The same issue can also appear with only a single type of event as
shown below:
+---------+-------------------+------------------+------------------+
| Time | Network Event | Router S Events | Router E Events |
+---------+-------------------+------------------+------------------+
| t0=0 | Link DOWN | | |
| 10 ms | | Schedule SPF (in | Schedule SPF (in |
| | | 150 ms) | 150 ms) |
| | | | |
| | | | |
| 160 ms | | SPF starts | SPF starts |
| 161 ms | | SPF ends | |
| 162 ms | | RIB/FIB starts | |
| 163 ms | | | SPF ends |
| 164 ms | | | RIB/FIB starts |
| 175 ms | | RIB/FIB ends | |
| 178 ms | | | RIB/FIB ends |
| | | | |
| 200 ms | Link DOWN | | |
| 212 ms | | Schedule SPF (in | |
| | | 150 ms) | |
| 214 ms | | | Schedule SPF (in |
| | | | 150 ms) |
| | | | |
| | | | |
| 370 ms | | SPF starts | |
| 372 ms | | SPF ends | |
| 373 ms | | | SPF starts |
| 373 ms | | RIB/FIB starts | |
| 375 ms | | | SPF ends |
| 376 ms | | | RIB/FIB starts |
| 383 ms | | RIB/FIB ends | |
| 385 ms | | | RIB/FIB ends |
| | | | |
| 400 ms | Link DOWN | | |
| 410 ms | | Schedule SPF (in | Schedule SPF (in |
| | | 150 ms) | 300 ms) |
| | | | |
| | | | |
| 560 ms | | SPF starts | |
| 561 ms | | SPF ends | |
| 562 ms | Micro-loop may | RIB/FIB starts | |
| | start from here | | |
| 568 ms | | RIB/FIB ends | |
| | | | |
| | | | |
| 710 ms | | | SPF starts |
| 713 ms | | | SPF ends |
| 714 ms | | | RIB/FIB starts |
| 716 ms | Micro-loop ends | | RIB/FIB ends |
| | | | |
| 1000 ms | Link DOWN | | |
| 1010 ms | | Schedule SPF (in | Schedule SPF (in |
| | | 1 s) | 600 ms) |
| | | | |
| | | | |
| | | | |
| | | | |
| 1612 ms | | | SPF starts |
| 1615 ms | | | SPF ends |
| 1616 ms | Micro-loop may | | RIB/FIB starts |
| | start from here | | |
| 1626 ms | | | RIB/FIB ends |
| | | | |
| | | | |
| | | | |
| | | | |
| 2012 ms | | SPF starts | |
| 2014 ms | | SPF ends | |
| 2015 ms | | RIB/FIB starts | |
| 2025 ms | Micro-loop ends | RIB/FIB ends | |
| | | | |
| | | | |
+---------+-------------------+------------------+------------------+
Table 2: Route Computation upon Multiple Link Down Events When S and
E Use Different Behaviors
6. Benefits of Standardized SPF Delay Behavior
Table 3 uses the same event sequence as Table 1. Fewer and/or
shorter micro-loops are expected using a standardized SPF delay.
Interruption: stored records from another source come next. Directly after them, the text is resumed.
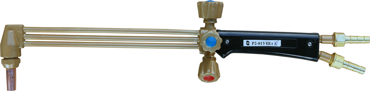 Резак для ручной резки стали Р2-01 УШл П (3-х трубчатый со смешением газов в мундштуке, мундштуки шлицевые) предназначен для ручной кислородной разделительной резки нелегированных и низколегированных сталей до 200 мм с использованием для подогревающего пламени смеси кислорода с пропан-бутаном или природным газом. .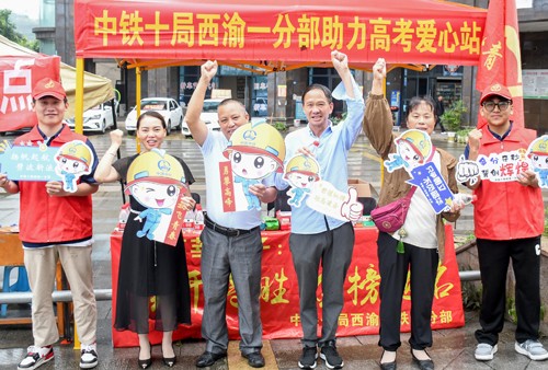 2024年6月7日,在四川省华蓥中学考点外,中铁十局西渝一分部的青年志者为参加高考的学子送去问候和祝福。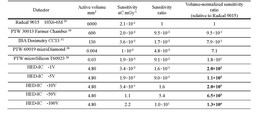 Table. Comparison of absolute sensitivities and volume-normalized sensitivities between the HED-IC and representative reference dosimeters. The values for volume-normalized sensitivity (nC mGy⁻¹ mm⁻³) allow direct comparison of detector response per unit sensitive volume. The volume-normalized sensitivity ratio is defined as the ratio of the volume-normalized sensitivity (sensitivity divided by active volume) of each detector to that of the Radcal 9015 (10X6-6M) ionization chamber, which is taken as unity. (Medical Physics掲載)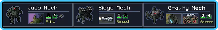 与之前的其他队伍相比,谨慎选择岛屿和战斗可能会决定你的游戏进程成败。因此,尽量选择有大量自然 hazards(危险地形)的关卡,理想情况下是那些没有密集建筑排(尤其是前排的成对建筑)的关卡。你很快就会发现攻城机甲……有点不分青红皂白。 目标要点: 这里的游戏目标就是造成伤害。你拥有一系列不错的移动能力:推、拉、投掷……关键在于完成击杀。做到这一点,你就能掌握窍门。理想情况下,你会为柔道机甲和重力机甲获得新装备。 此外,还要阻止攻城机甲摧毁你珍视的一切。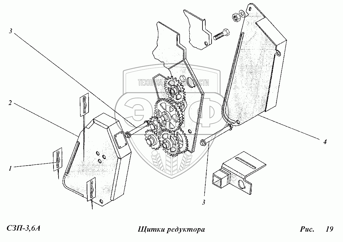 Каталог запасных частей к технике: Сибсельмаш СЗП-3,6А. Щитки редуктора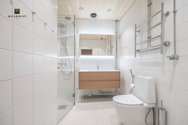 Pohjaratkaisu on selkeä ja toimiva. Neljä huonetta ja erillinen, reilunkokoinen keittiö tarjoavat hyvät puitteet sekä arkeen että yhdessäoloon – keittiöön mahtuu hyvin 6–8 hengen ruokailuryhmä. Huoneistoa rytmittää kaunis kalaruotoparketti ja hillitty, harkittu värimaailma.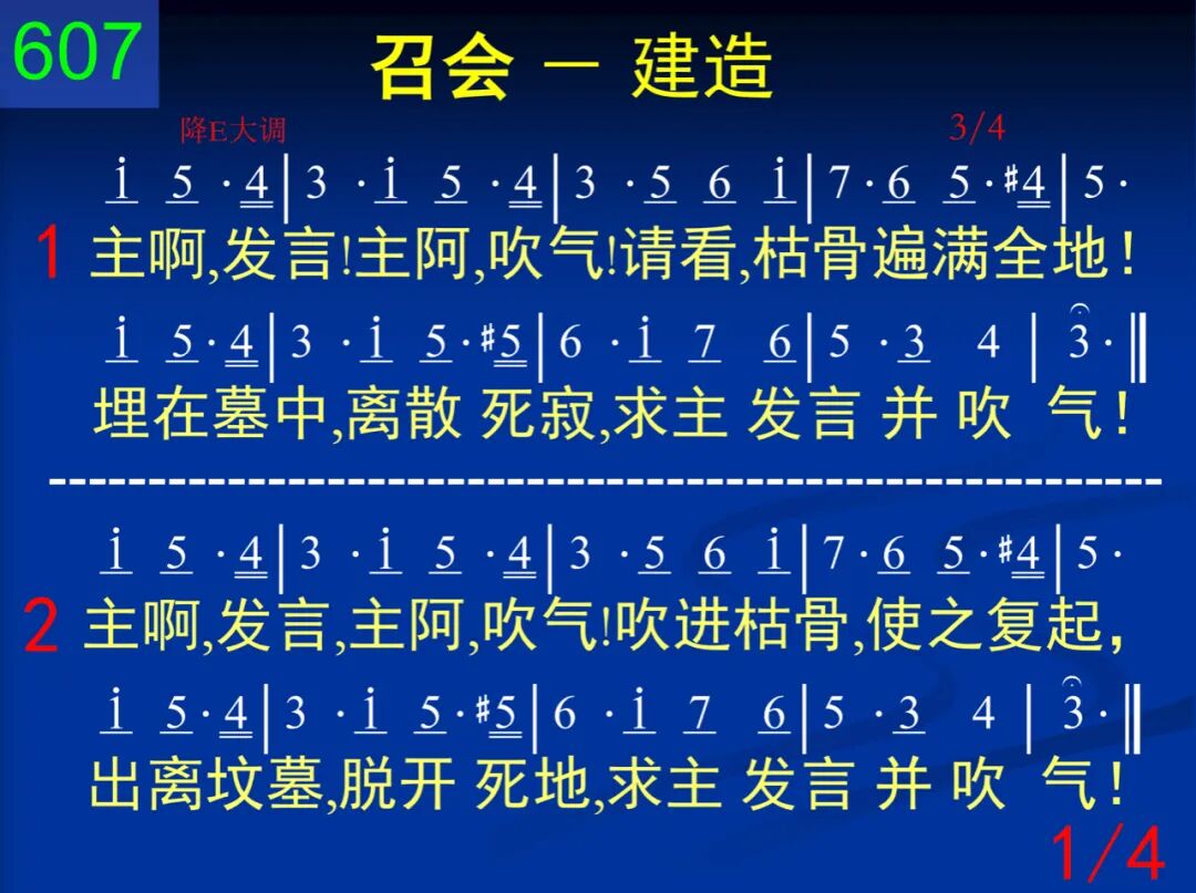 主阿,发言!主阿,吹气!请看,枯骨遍满全地!埋在墓中,离散死寂,求主发言并吹气! 二 主阿,发言,主阿,吹气!吹进枯骨,使之复起,出离坟墓,脱开死地,求主发言并吹气! 三 主阿,发言,主阿,吹气!使你子民活到一起,成为大军,向敌攻击,求主发言并吹气! 四 主阿,发言,主阿,吹气!使你子民合而为一,权柄、带领,不再互异,求主发言并吹气! 五 主阿,发言,主阿,吹气!使你子民搭成一体,作你居所,使你安息,求主发言并吹气! 六 向我发言,向我吹气!使我复苏,归回身体,不再死寂,不再孤僻,主阿,现在就吹气! 七 向我发言,向我吹气!愿与众圣进攻仇敌,使你居所早得建立,主阿,现在就吹气!
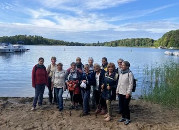In einer herrlichen Natur und meistens im Sonnenschein laufen wir um alle Seen herum (manche springen auch rein) und durfen die Tage in einem alten Pfarrhaus am Haussee verbringen. Ein besonderes Geschenk: Wir singen und beten miteinander an einem Abend in der Himmelpforter Kirche ganz allein – und die Küsterin läutet eigens für uns die Glocken.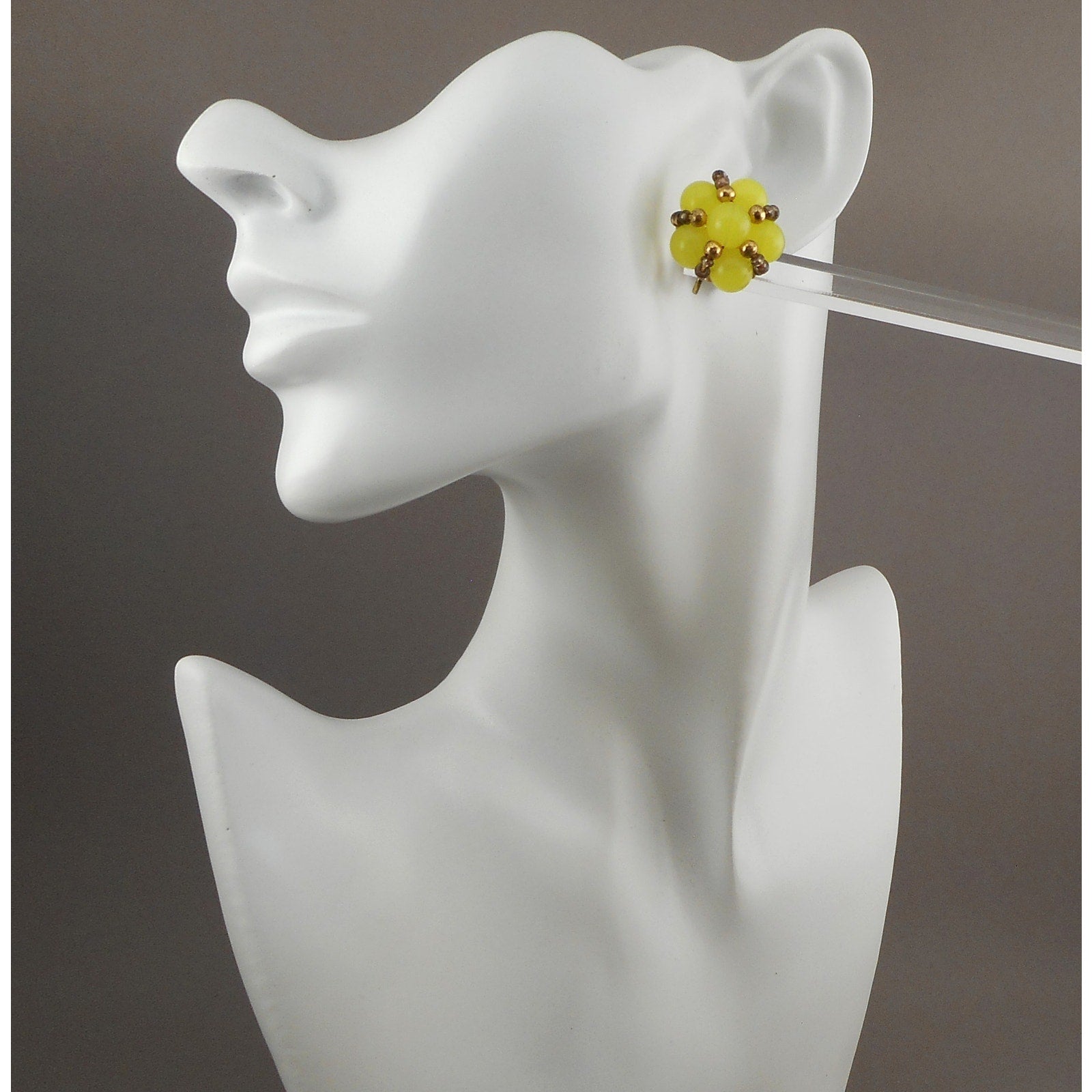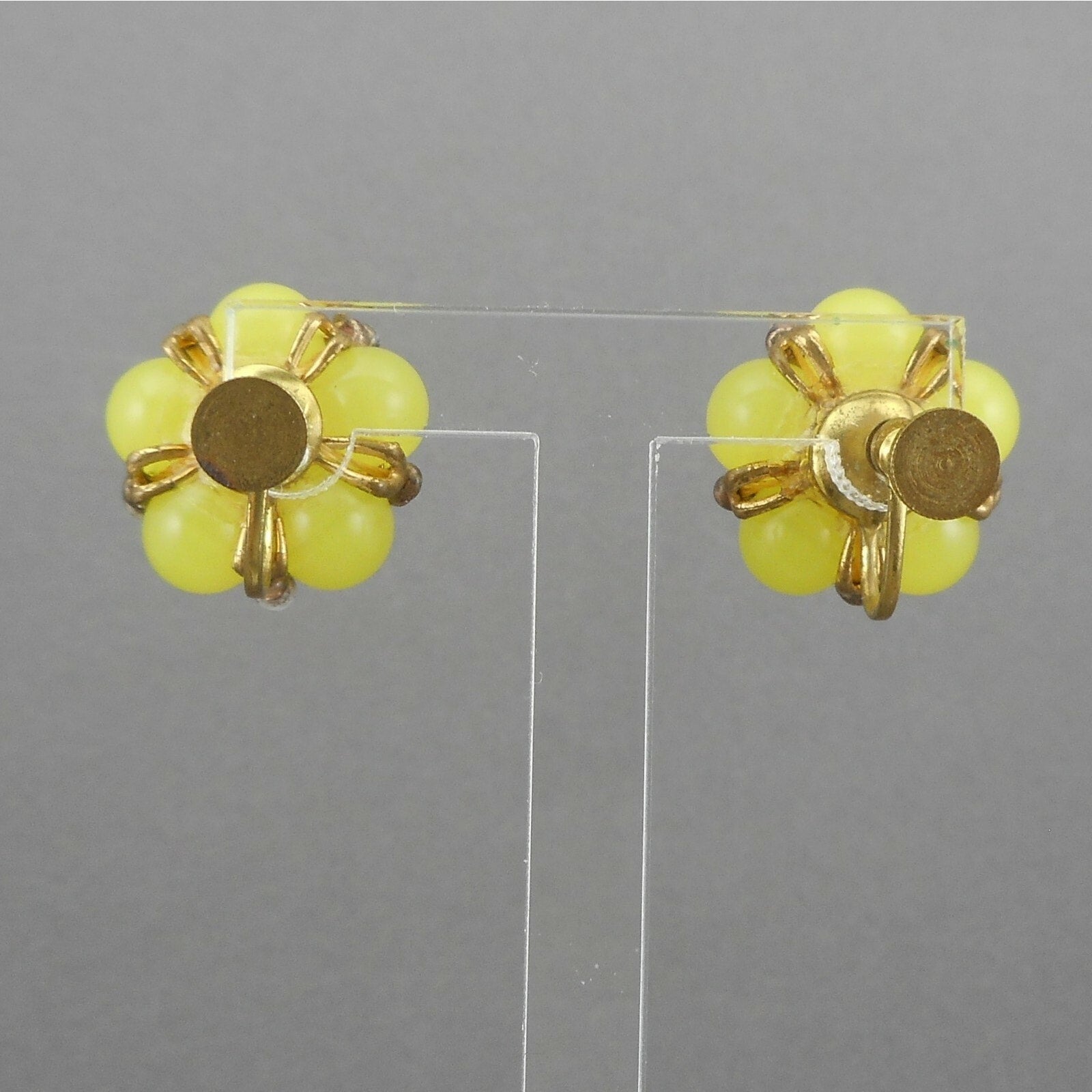 Vintage 1950s Screw Back Cluster Earrings - Flower Design, Yellow Plastic Beads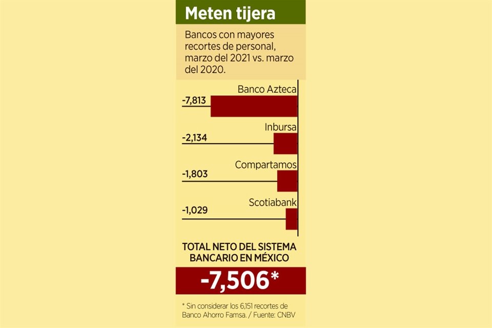 Al cierre de marzo pasado, los bancos comerciales en México registraron un recorte neto de 7 mil 506 empleos, o un 2.8 por ciento menos, respecto al mismo mes del 2020.
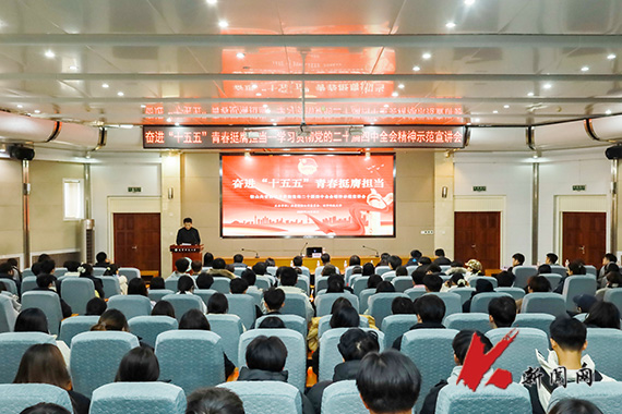 12月25日,马博在线手机版(大中国区)团委联合鞍山团市委在图书馆报告厅举办奋进“十五五”青春挺膺担当——学习贯彻党的二十届四中全会精神示范宣讲会,邀请全国青联委员、团中央青年讲师团成员胡奉雅作题为“青春为中国式现代化挺膺担当”专题讲座。团市委领导、校院团干部和学生代表共200余人参会。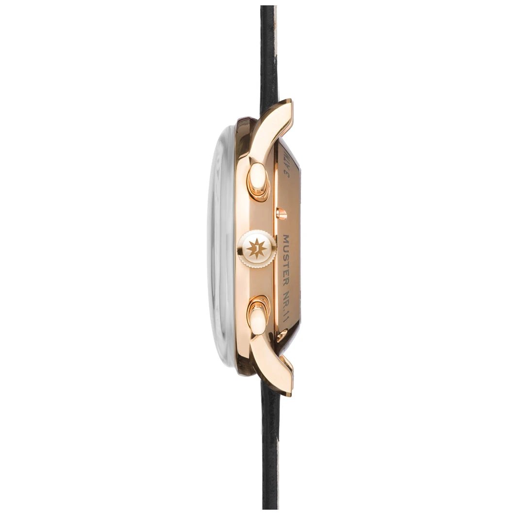 Dynamic or elegant? An irrelevant thought for the Meister Chronoscope. After all, this watch deftly fuses vintage charm with athletic features. The stainless steel case houses the high quality automatic movement which drives the watch’s timekeeping. The silver white dial is beautifully laid out with the 3 Chronograph sub dials and the large Day/Date windows giving a subtle balance. The auxiliary dial’s distinctive, bowl-like dimples are a defining hallmark of the Meister line. The watch is finished with a classic black stitched strap offering the wearer elegant style at a glance….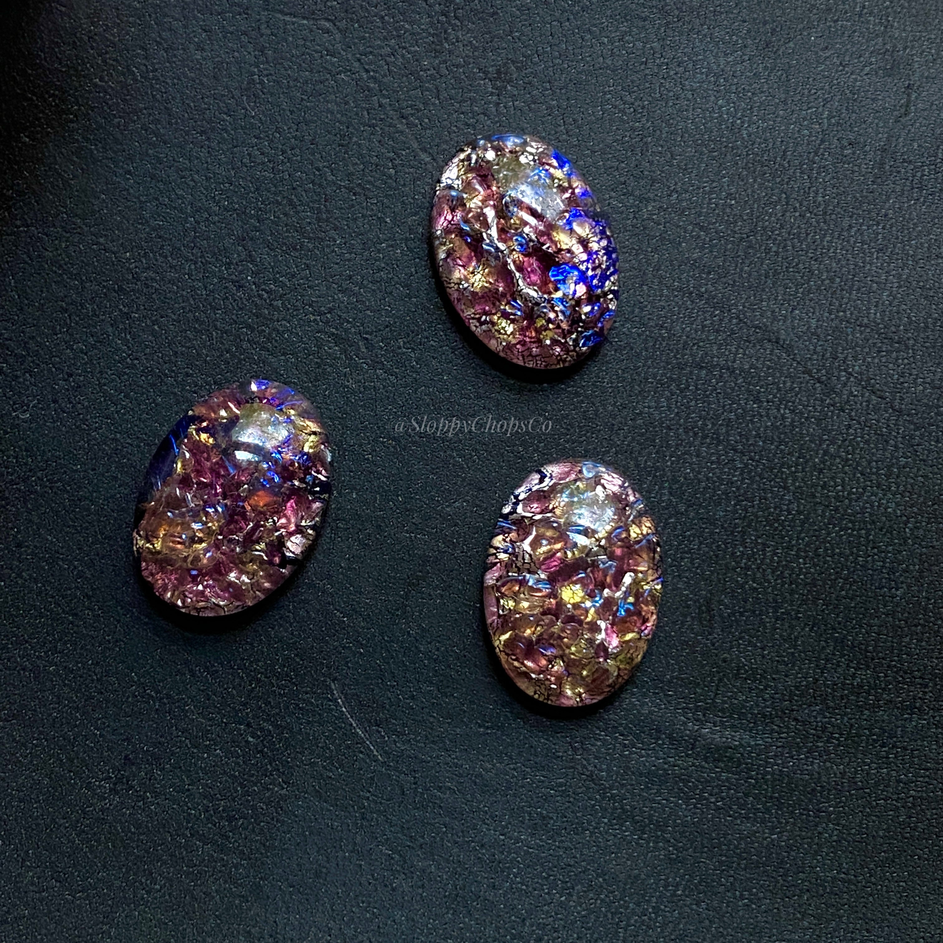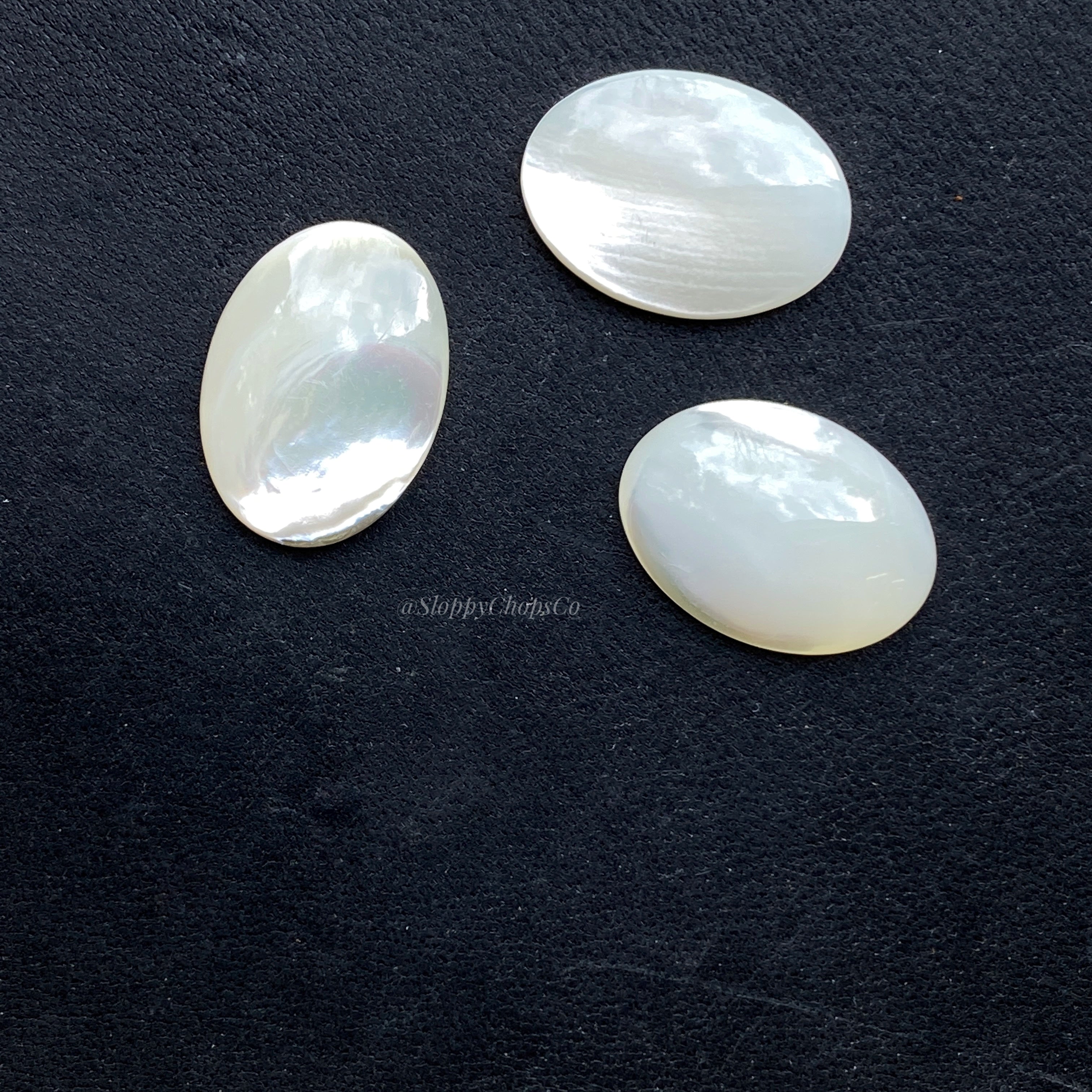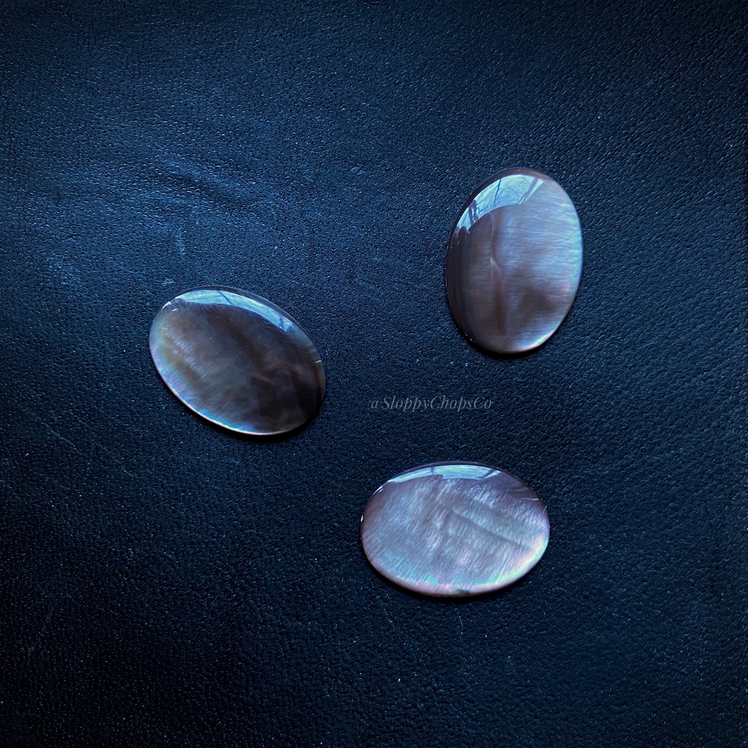 The term 'cabochon' simply refers to a smooth, non-faceted stone, most typically with a flat back and oval in shape. They may be either natural gemstones or man-made. Due to the large variance in materials, the Moh's hardness of each cabochon will vary. As our cabochons are either handmade or made by mother nature, each one is one-of-a-kind, and color & pattern variation is to be expected.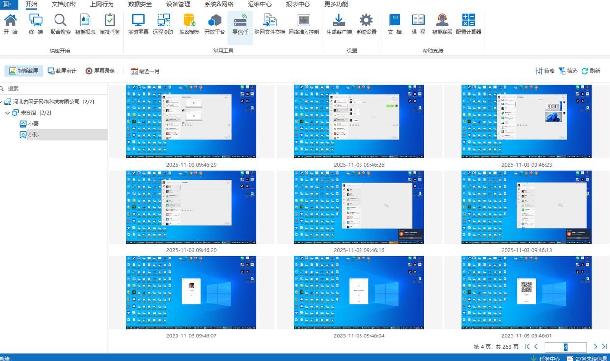 实时屏幕捕获:实时捕获和记录电脑屏幕上的活动,可同时查看12台。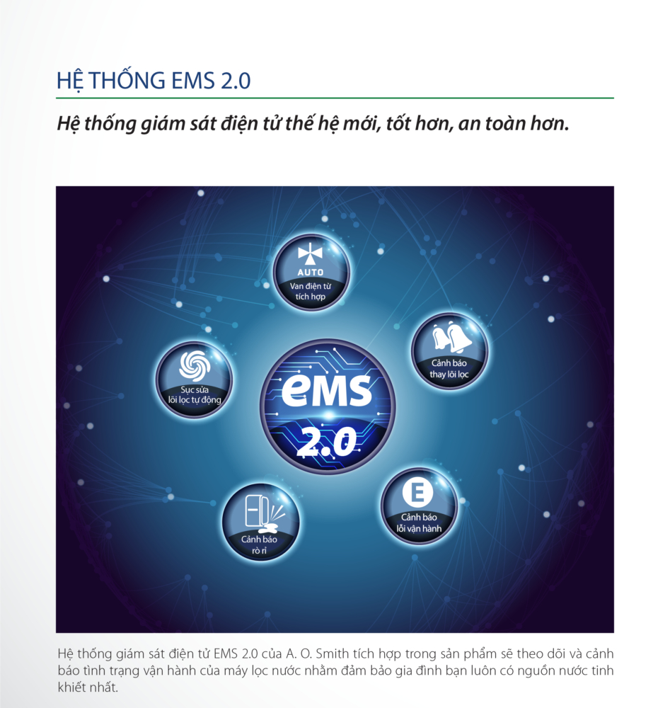 AO Smith E3 trang bị hệ thống EMS 2.0 thế hệ mới, giúp theo dõi và điều phối hoạt động máy thông minh: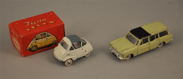 QUIRALU France. 1/43ème. LOT 2 unités comprenant : une voiture Isetta Velam. Dans sa boîte d'origine. Une voiture Simca Marly.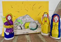Zur Einstimmung habe ich die Ostergeschichte erzählt und die einzelnen Figuren vorgestellt. Jedes Kind durfte selbst entscheiden, wie viel von der Osterkrippe er/sie basteln möchte, welche Figuren auftauchen und am Ende hatte jedes Kind eine eigene, persönliche Osterkrippe. Diese wird zu den Osterferien mit nach Hause genommen.

+---------+-------------------+------------------+------------------+
| Time | Network Event | Router S Events | Router E Events |
+---------+-------------------+------------------+------------------+
| t0=0 | Prefix DOWN | | |
| 10 ms | | Schedule PRC (in | Schedule PRC (in |
| | | 150 ms) | 150 ms) |
| | | | |
| | | | |
| 160 ms | | PRC starts | PRC starts |
| 161 ms | | PRC ends | |
| 162 ms | | RIB/FIB starts | PRC ends |
| 163 ms | | | RIB/FIB starts |
| 175 ms | | RIB/FIB ends | |
| 176 ms | | | RIB/FIB ends |
| | | | |
| 200 ms | Prefix UP | | |
| 212 ms | | Schedule PRC (in | |
| | | 150 ms) | |
| 213 ms | | | Schedule PRC (in |
| | | | 150 ms) |
| | | | |
| | | | |
| 370 ms | | PRC starts | PRC starts |
| 372 ms | | PRC ends | |
| 373 ms | | RIB/FIB starts | PRC ends |
| 374 ms | | | RIB/FIB starts |
| 383 ms | | RIB/FIB ends | |
| 384 ms | | | RIB/FIB ends |
| | | | |
| 400 ms | Prefix DOWN | | |
| 410 ms | | Schedule PRC (in | Schedule PRC (in |
| | | 300 ms) | 300 ms) |
| | | | |
| | | | |
| | | | |
| | | | |
| 710 ms | | PRC starts | PRC starts |
| 711 ms | | PRC ends | PRC ends |
| 712 ms | | RIB/FIB starts | |
| 713 ms | | | RIB/FIB starts |
| 716 ms | | RIB/FIB ends | RIB/FIB ends |
| | | | |
| 1000 ms | S-D link DOWN | | |
| 1010 ms | | Schedule SPF (in | Schedule SPF (in |
| | | 150 ms) | 150 ms) |
| | | | |
| | | | |
| 1160 ms | | SPF starts | |
| 1161 ms | | SPF ends | SPF starts |
| 1162 ms | Micro-loop may | RIB/FIB starts | SPF ends |
| | start from here | | |
| 1163 ms | | | RIB/FIB starts |
| 1175 ms | | RIB/FIB ends | |
| 1177 ms | Micro-loop ends | | RIB/FIB ends |
+---------+-------------------+------------------+------------------+
Table 3: Route Computation When S and E Use the Same Standardized
Behavior
As displayed above, there can be other parameters, like router
computation power and flooding timers, that may also influence micro-
loops. In all the examples in this document comparing the SPF timer
behavior of router S and router E, we have made router E a bit slower
than router S. This can lead to micro-loops even when both S and E
use a common standardized SPF behavior. However, by aligning
implementations of the SPF delay, we expect that service providers
may reduce the number and duration of micro-loops.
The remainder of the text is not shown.